Hooch, thanks so much for finding them for me! That's such a big help!


----------



## MHooch (Jun 15, 2007)

You're welcome! 

I'm really looking forward to seeing pics of your party.


----------



## Rikki (Aug 14, 2006)

Woot! Ordered my costume today (going with store-bought since all my costume effort is going towards the big party)!


----------



## pandora (Jul 15, 2004)

Picture? It is really rough, costume-wise. That is my last priority, usually. One year I spent a night working on making (decorating) a cool hat, but otherwise I stick to a basic costume and change the accessories every year. There's SOOO much more going on - you're making a wise choice. Find some cool accessories instead....Mama always said every girl needs a little black dress...she just didn't know it would be a witch's dress - LOL.


----------



## Rikki (Aug 14, 2006)

Here's what I ordered:




















And I made a purple and black necklace with matching earrings to wear with it. I don't have any pictures of them yet....will try to get some soon.

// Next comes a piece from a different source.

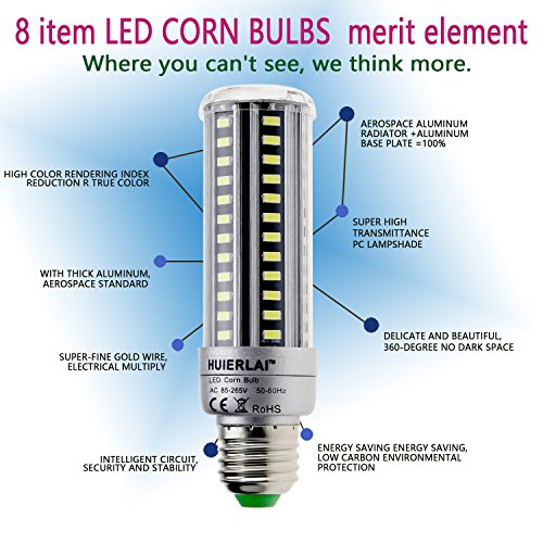 HUIERLAI 4-Pack 15W Super Bright LED Corn Bulb For Residential and Commercial Projec E26/E27 ( 120W Incandescent Bulb ) 1360Lm AC85-265V White(6000K) Non-Dimmable.

Now, here's to hoping that I'll look as good in the costume as the model!


----------



## blackfog (Oct 9, 2008)

Nice dress am I am sure you will look great in it! Love those shoes!!!!!


----------



## pandora (Jul 15, 2004)

Very nice Rikki! That's a great costume and I agree the shoes are fabulous. Let me know how they feel....I'm such a baby now about shoes and those heels make me nervous. Half the party I'm usually running around in bare feet - LOL>


----------



## Si-cotik (Aug 12, 2009)

Wonderful costume Rikki...I had seen that before and wanted it...but I don't have the body for it


----------



## Rikki (Aug 14, 2006)

Thanks guys! I hope it looks as good in person as it does on the web. Pandora, I'll definitely let you know about the heels. 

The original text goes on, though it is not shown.